D Dieterich, V Soriano, K Sherman, et al. Telaprevir in Combination with Pegylated Interferon-alfa-2a + Ribavirin in HCV/HIV-coinfected Patients: A 24-Week Treatment Interim Analysis. 19th Conference on Retroviruses and Opportunistic Infections (CROI 2012). Seattle, WA. March 5-8, 2012. Abstract 46.

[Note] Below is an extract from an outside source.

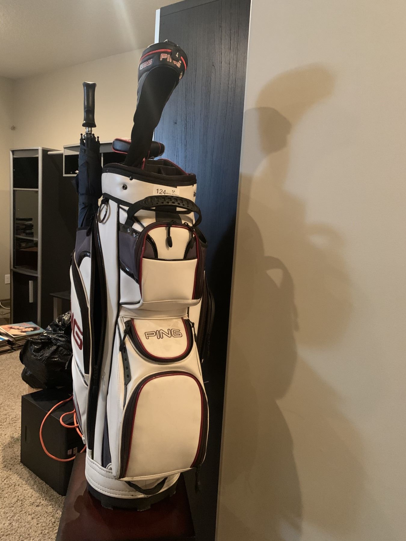 Ping Golf Club Bag, with 1 Ping G25 Driver & 1 Pro-X Putter & Umbrella

M Sulkowski, S Pol, C Cooper, et al. Boceprevir + Pegylated Interferon + Ribavirin for the Treatment of HCV/HIV-coinfected Patients: End of Treatment (Week 48) Interim Results. 19th Conference on Retroviruses and Opportunistic Infections (CROI 2012). Seattle, WA. March 5-8, 2012. Abstract 47.

Other Sources

Vertex Pharmaceuticals. Data from Phase 2 Study of an Incivek Combination Regimen Showed 74% of People Co-Infected with Hepatitis C and HIV Had Undetectable Hepatitis C Virus 12 Weeks After Treatment Ended (SVR12). Press release. March 6, 2012.

Merck. Results from Investigational Studies with Victrelis (boceprevir) Presented at the Conference on Retroviruses and Opportunistic Infections to Understand Potential Use in Patients Coinfected with Chronic Hepatitis C and HIV-1. Press release. March 6, 2012.